**What the exercise asks**. Take the data below and repeat it exactly.

[Excerpts from a dataset]
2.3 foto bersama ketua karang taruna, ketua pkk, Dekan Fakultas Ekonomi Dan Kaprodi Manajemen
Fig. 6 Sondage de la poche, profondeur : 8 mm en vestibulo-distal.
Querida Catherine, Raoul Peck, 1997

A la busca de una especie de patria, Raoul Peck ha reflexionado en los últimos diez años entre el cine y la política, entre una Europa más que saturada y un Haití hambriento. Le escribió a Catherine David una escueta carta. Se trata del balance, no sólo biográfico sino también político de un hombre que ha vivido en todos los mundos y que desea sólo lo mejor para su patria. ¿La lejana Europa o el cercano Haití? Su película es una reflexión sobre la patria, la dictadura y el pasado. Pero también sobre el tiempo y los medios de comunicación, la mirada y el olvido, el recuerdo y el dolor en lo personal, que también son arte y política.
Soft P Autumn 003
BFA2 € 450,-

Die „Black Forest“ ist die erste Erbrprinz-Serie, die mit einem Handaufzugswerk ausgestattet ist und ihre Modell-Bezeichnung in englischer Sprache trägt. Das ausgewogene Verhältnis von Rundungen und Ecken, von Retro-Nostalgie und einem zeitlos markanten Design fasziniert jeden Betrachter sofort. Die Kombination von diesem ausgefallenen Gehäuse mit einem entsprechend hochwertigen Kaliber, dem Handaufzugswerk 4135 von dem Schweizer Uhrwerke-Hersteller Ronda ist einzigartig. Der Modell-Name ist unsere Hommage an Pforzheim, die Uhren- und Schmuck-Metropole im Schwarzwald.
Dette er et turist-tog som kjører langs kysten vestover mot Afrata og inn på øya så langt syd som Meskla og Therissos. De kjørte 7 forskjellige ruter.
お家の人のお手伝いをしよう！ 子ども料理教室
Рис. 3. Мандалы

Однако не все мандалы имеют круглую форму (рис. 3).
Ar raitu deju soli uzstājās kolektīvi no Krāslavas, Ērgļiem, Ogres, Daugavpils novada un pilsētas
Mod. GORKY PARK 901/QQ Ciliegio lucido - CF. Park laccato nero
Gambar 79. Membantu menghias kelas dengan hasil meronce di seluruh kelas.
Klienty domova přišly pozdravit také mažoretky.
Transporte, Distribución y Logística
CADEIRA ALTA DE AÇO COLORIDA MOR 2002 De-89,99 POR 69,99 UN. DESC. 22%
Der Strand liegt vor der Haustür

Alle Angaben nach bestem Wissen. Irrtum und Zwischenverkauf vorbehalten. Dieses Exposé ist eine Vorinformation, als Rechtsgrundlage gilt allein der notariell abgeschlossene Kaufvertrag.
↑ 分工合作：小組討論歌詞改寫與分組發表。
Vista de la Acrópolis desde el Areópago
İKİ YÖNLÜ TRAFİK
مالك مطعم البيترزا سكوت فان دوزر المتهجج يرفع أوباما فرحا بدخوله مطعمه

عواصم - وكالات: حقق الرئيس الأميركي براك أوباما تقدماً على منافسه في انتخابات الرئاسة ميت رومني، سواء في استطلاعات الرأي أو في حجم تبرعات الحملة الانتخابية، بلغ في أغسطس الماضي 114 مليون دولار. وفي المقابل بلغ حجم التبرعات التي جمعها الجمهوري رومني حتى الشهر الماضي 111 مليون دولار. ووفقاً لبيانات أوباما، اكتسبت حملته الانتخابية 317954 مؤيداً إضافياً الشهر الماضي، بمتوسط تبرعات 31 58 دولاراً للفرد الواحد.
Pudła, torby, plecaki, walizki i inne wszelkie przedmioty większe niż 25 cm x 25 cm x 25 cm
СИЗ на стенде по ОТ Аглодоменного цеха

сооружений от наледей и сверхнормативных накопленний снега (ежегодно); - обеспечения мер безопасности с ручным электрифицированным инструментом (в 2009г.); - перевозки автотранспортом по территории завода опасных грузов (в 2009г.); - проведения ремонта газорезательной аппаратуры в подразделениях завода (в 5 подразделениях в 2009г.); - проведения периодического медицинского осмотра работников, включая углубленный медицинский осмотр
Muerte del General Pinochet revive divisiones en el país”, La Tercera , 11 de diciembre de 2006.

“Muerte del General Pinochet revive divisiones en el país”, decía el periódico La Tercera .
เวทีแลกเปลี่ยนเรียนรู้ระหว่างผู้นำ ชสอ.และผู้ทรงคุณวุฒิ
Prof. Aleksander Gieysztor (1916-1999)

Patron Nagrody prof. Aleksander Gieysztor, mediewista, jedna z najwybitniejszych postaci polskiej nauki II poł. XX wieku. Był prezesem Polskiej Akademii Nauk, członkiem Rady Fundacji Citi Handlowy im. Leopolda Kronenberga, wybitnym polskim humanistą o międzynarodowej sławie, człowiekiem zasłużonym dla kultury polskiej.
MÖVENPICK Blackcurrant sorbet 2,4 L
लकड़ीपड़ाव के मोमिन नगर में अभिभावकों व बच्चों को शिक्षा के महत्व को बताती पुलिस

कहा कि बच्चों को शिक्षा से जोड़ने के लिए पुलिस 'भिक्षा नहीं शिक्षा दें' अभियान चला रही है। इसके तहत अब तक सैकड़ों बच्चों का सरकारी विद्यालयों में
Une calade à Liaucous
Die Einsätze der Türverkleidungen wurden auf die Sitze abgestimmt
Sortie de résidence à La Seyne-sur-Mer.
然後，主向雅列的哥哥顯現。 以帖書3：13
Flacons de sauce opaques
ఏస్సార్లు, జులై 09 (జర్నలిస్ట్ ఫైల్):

**Answer to this task**.
2.3 foto bersama ketua karang taruna, ketua pkk, Dekan Fakultas Ekonomi Dan Kaprodi Manajemen
Fig. 6 Sondage de la poche, profondeur : 8 mm en vestibulo-distal.
Querida Catherine, Raoul Peck, 1997

A la busca de una especie de patria, Raoul Peck ha reflexionado en los últimos diez años entre el cine y la política, entre una Europa más que saturada y un Haití hambriento. Le escribió a Catherine David una escueta carta. Se trata del balance, no sólo biográfico sino también político de un hombre que ha vivido en todos los mundos y que desea sólo lo mejor para su patria. ¿La lejana Europa o el cercano Haití? Su película es una reflexión sobre la patria, la dictadura y el pasado. Pero también sobre el tiempo y los medios de comunicación, la mirada y el olvido, el recuerdo y el dolor en lo personal, que también son arte y política.
Soft P Autumn 003
BFA2 € 450,-

Die „Black Forest“ ist die erste Erbrprinz-Serie, die mit einem Handaufzugswerk ausgestattet ist und ihre Modell-Bezeichnung in englischer Sprache trägt. Das ausgewogene Verhältnis von Rundungen und Ecken, von Retro-Nostalgie und einem zeitlos markanten Design fasziniert jeden Betrachter sofort. Die Kombination von diesem ausgefallenen Gehäuse mit einem entsprechend hochwertigen Kaliber, dem Handaufzugswerk 4135 von dem Schweizer Uhrwerke-Hersteller Ronda ist einzigartig. Der Modell-Name ist unsere Hommage an Pforzheim, die Uhren- und Schmuck-Metropole im Schwarzwald.
Dette er et turist-tog som kjører langs kysten vestover mot Afrata og inn på øya så langt syd som Meskla og Therissos. De kjørte 7 forskjellige ruter.
お家の人のお手伝いをしよう！ 子ども料理教室
Рис. 3. Мандалы

Однако не все мандалы имеют круглую форму (рис. 3).
Ar raitu deju soli uzstājās kolektīvi no Krāslavas, Ērgļiem, Ogres, Daugavpils novada un pilsētas
Mod. GORKY PARK 901/QQ Ciliegio lucido - CF. Park laccato nero
Gambar 79. Membantu menghias kelas dengan hasil meronce di seluruh kelas.
Klienty domova přišly pozdravit také mažoretky.
Transporte, Distribución y Logística
CADEIRA ALTA DE AÇO COLORIDA MOR 2002 De-89,99 POR 69,99 UN. DESC. 22%
Der Strand liegt vor der Haustür

Alle Angaben nach bestem Wissen. Irrtum und Zwischenverkauf vorbehalten. Dieses Exposé ist eine Vorinformation, als Rechtsgrundlage gilt allein der notariell abgeschlossene Kaufvertrag.
↑ 分工合作：小組討論歌詞改寫與分組發表。
Vista de la Acrópolis desde el Areópago
İKİ YÖNLÜ TRAFİK
مالك مطعم البيترزا سكوت فان دوزر المتهجج يرفع أوباما فرحا بدخوله مطعمه

عواصم - وكالات: حقق الرئيس الأميركي براك أوباما تقدماً على منافسه في انتخابات الرئاسة ميت رومني، سواء في استطلاعات الرأي أو في حجم تبرعات الحملة الانتخابية، بلغ في أغسطس الماضي 114 مليون دولار. وفي المقابل بلغ حجم التبرعات التي جمعها الجمهوري رومني حتى الشهر الماضي 111 مليون دولار. ووفقاً لبيانات أوباما، اكتسبت حملته الانتخابية 317954 مؤيداً إضافياً الشهر الماضي، بمتوسط تبرعات 31 58 دولاراً للفرد الواحد.
Pudła, torby, plecaki, walizki i inne wszelkie przedmioty większe niż 25 cm x 25 cm x 25 cm
СИЗ на стенде по ОТ Аглодоменного цеха

сооружений от наледей и сверхнормативных накопленний снега (ежегодно); - обеспечения мер безопасности с ручным электрифицированным инструментом (в 2009г.); - перевозки автотранспортом по территории завода опасных грузов (в 2009г.); - проведения ремонта газорезательной аппаратуры в подразделениях завода (в 5 подразделениях в 2009г.); - проведения периодического медицинского осмотра работников, включая углубленный медицинский осмотр
Muerte del General Pinochet revive divisiones en el país”, La Tercera , 11 de diciembre de 2006.

“Muerte del General Pinochet revive divisiones en el país”, decía el periódico La Tercera .
เวทีแลกเปลี่ยนเรียนรู้ระหว่างผู้นำ ชสอ.และผู้ทรงคุณวุฒิ
Prof. Aleksander Gieysztor (1916-1999)

Patron Nagrody prof. Aleksander Gieysztor, mediewista, jedna z najwybitniejszych postaci polskiej nauki II poł. XX wieku. Był prezesem Polskiej Akademii Nauk, członkiem Rady Fundacji Citi Handlowy im. Leopolda Kronenberga, wybitnym polskim humanistą o międzynarodowej sławie, człowiekiem zasłużonym dla kultury polskiej.
MÖVENPICK Blackcurrant sorbet 2,4 L
लकड़ीपड़ाव के मोमिन नगर में अभिभावकों व बच्चों को शिक्षा के महत्व को बताती पुलिस

कहा कि बच्चों को शिक्षा से जोड़ने के लिए पुलिस 'भिक्षा नहीं शिक्षा दें' अभियान चला रही है। इसके तहत अब तक सैकड़ों बच्चों का सरकारी विद्यालयों में
Une calade à Liaucous
Die Einsätze der Türverkleidungen wurden auf die Sitze abgestimmt
Sortie de résidence à La Seyne-sur-Mer.
然後，主向雅列的哥哥顯現。 以帖書3：13
Flacons de sauce opaques
ఏస్సార్లు, జులై 09 (జర్నలిస్ట్ ఫైల్):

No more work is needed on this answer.